Classic rock. It’s not just for the guys who grew up in the ’70s and ’80s anymore. Thanks to the massive, global success of Greta Van Fleet, not only are the labels out looking for the next big thing, the kids are too as evidenced by Greta Van Fleet’s sold-out 2022 tour. One of the bands that has benefited from all of this is Crown Lands, a Canadian duo featuring Kevin Comeau (guitars/bass/keyboards) and Cody Bowles (vocals/drums), who served as one of the opening acts on the fall dates of Greta Van Fleet’s tour.

While the duo’s early sound was blues driven, as they’ve evolved, more and more prog rock influences have started to surface. And, if Greta Van Fleet is this generation’s Led Zeppelin, then Crown Lands is this generation’s Rush, something that Comeau will readily admit.

Crown Lands’ newly released third album, Fearless, has the audacity to open with “Starlifter: Fearless Part II,” an epic 18-minute, multi-part exploration through time and space and it’s perhaps the most glorious opening track of any album you’ll hear in 2023. Given the band’s influences, it would have been the most glorious opening track of any album released in 1974 as well.

In this conversation, Comeau talks about his musical journey, the records that inspired him to forge his own path, how he met Bowles, the influence of Rush and Greta Van Fleet, and hanging out with other musicians.

Who was responsible for introducing you to the first music you listened to?

KEVIN: Cody’s dad was a drummer so Cody started playing drums when they were like 1-years-old, just banging on pots and pans. They quickly got Cody one of those little drum kit so Cody’s been at it truly their entire life. My parents were really into classic rock. My dad was more into the singer-songwriter folk world, he’s an amazing folk guitar player so I got into music by way of Bob Dylan, John Prine, and Paul Simon. My mom was a big Eagles fan. On road trips, it would be Queen and Creedence Clearwater Revival.

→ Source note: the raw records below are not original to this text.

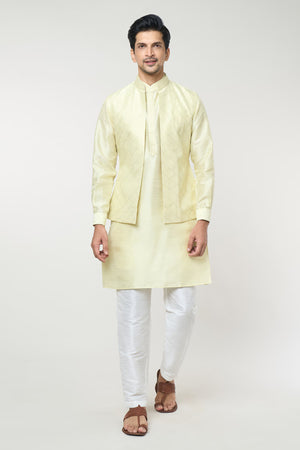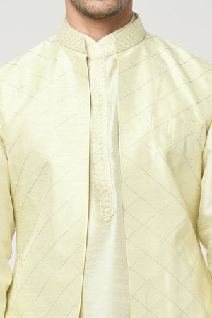 Parrot Green dupion silk based open jacket, enhanced with diamond pintuck embroidery, paired with a matching embroidered dupion silk kurta and an off white dupion silk based mexican pants.
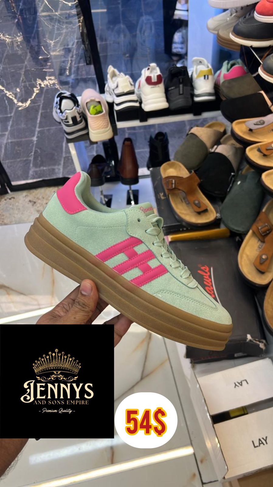 Retro-inspired suede sneaker with a thick, stacked gum rubber platform sole. Features a mint green body with bold hot pink accents on the heel tab and side logo. Perfect for a vibrant, casual look.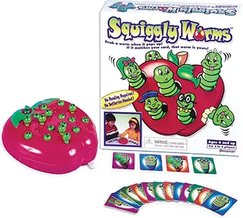 When the timer runs out, another player sets the lever and the game continues until one player gets all five matching worms to win!

When I was about 11, that’s when I started going out on my own and finding music and the first band that really captured my interest was Green Day because of Mike Dirnt’s bass playing. Bass was my first instrument and the first time I really registered what a bass was was the bass break in “Holiday” by Green Day on their American Idiot record. My dad bought me a bass and taught me how to play “All Along the Watchtower” the first night because it’s just three chords. I was sold. That was it. Everything else in my life melted away and music completely took over.

Then I started getting into The Clash and The Misfits. As a bass player, you keep asking, “Who’s the best bass player?” So I got into The Who because of John Entwistle, discovered Rush because of Geddy Lee. Everything kind of took a huge turn when I was about 14 when I discovered Rush. Then it was like, “Who influenced Geddy?” and I got into Yes because of Chris Squire. Then I fell into King Crimson and Genesis and Pink Floyd, just went down the prog rock rabbit hole. That symphonic, storytelling classic prog rock is what really compelled me the most. That’s what I found the most inspiring.

It’s very similar to Cody. Cody’s favorite band is Rush. My favorite band is Rush. When we met, about 8 years ago, Rush came up very quick and we bonded over them. And we’ve just been acting like two idiots ever since.

It’s funny that when you say you got into Rush when you were 14 because that was around the age I got into Rush, but I’m 20+ years older than you. It’s amazing that Rush has transcended time. There’s no time limit on that band. It’s sort of a rite of passage for teenage boys to get into Rush.

KEVIN: It’s true! As a musician, there’s always a kneejerk reaction against virtuosity. People are like, “Oh, music is not like athletics.” But, for a lot of us, it kind of is. I think that Rush just demonstrates that they are three of the greatest musicians of all time. They are just technically proficient but the way they write and arrange music, it’s just so unique. It’s still fresh to this day, whereas records that may not have resonated the same way when you were 14, if you were into the heavier proto-metal stuff like 2112 or Hemispheres, now you might like the more mellow songwriting of Presto and Roll the Bones. That’s the great thing about Rush, they were around for 40 years and they gave us 20 studio albums and there’s not one bad album there. It’s all varied, but it’s all them. It’s all just true, honest music. I think that’s something I aspire to do as a creator, never stop evolving but also honor what excites me as a musician. Rush is that for me. They are just so special.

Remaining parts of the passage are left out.